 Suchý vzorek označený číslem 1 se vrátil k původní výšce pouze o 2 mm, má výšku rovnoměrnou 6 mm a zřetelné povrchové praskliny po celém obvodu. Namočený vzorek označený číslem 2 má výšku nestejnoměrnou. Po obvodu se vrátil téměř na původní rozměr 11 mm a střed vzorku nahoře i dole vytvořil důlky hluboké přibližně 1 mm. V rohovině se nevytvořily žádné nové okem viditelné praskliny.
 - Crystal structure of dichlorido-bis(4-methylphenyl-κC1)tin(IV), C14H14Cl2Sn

┄┄┄┄┄┄

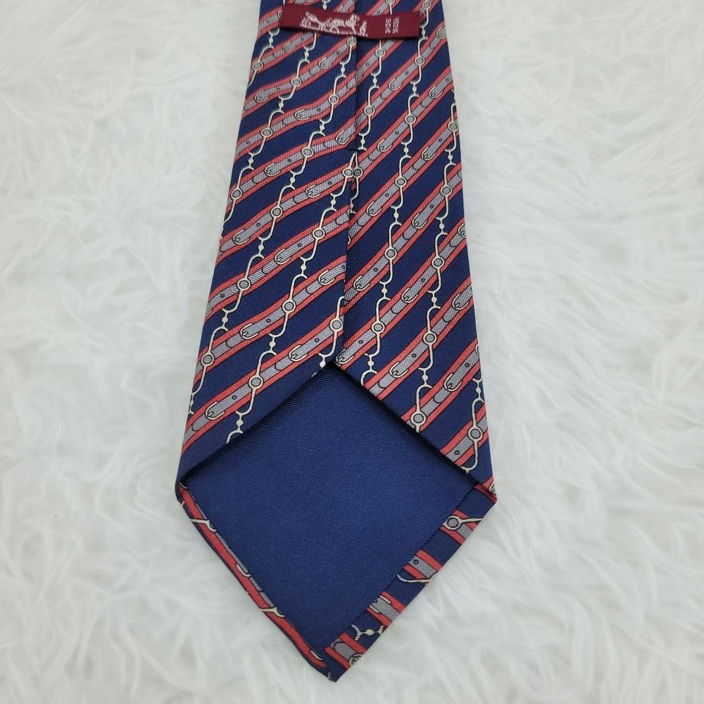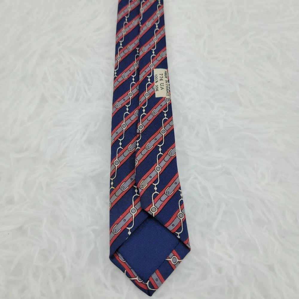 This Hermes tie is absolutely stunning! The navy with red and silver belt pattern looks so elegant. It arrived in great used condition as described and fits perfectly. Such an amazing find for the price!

┄┄┄┄┄┄

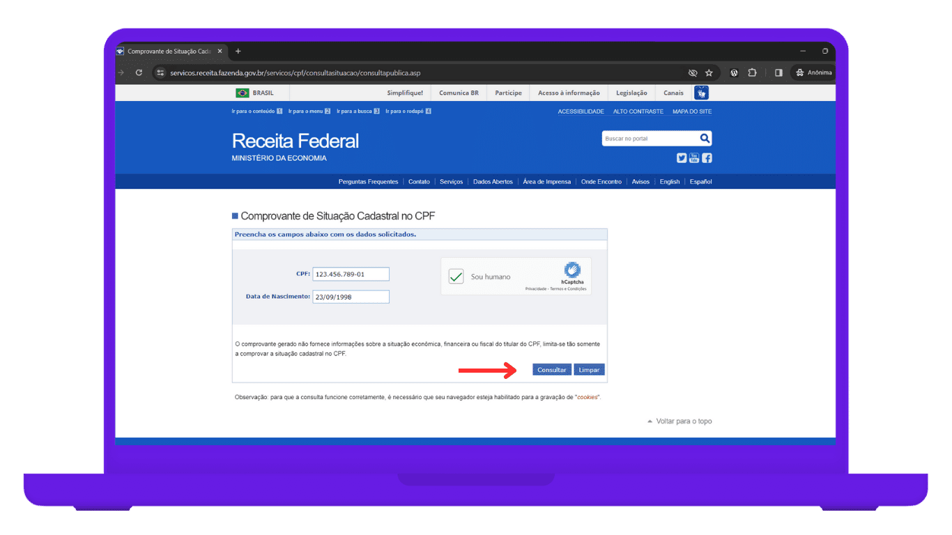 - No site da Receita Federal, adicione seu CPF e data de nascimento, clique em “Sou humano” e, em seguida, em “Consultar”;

┄┄┄┄┄┄

ACTIVITY:
Copy out only the lines above from the one with "Suchý vzorek označený" to the one with "- Crystal structure", inclusive, exactly as they stand.

ANSWER AREA:
 Suchý vzorek označený číslem 1 se vrátil k původní výšce pouze o 2 mm, má výšku rovnoměrnou 6 mm a zřetelné povrchové praskliny po celém obvodu. Namočený vzorek označený číslem 2 má výšku nestejnoměrnou. Po obvodu se vrátil téměř na původní rozměr 11 mm a střed vzorku nahoře i dole vytvořil důlky hluboké přibližně 1 mm. V rohovině se nevytvořily žádné nové okem viditelné praskliny.
 - Crystal structure of dichlorido-bis(4-methylphenyl-κC1)tin(IV), C14H14Cl2Sn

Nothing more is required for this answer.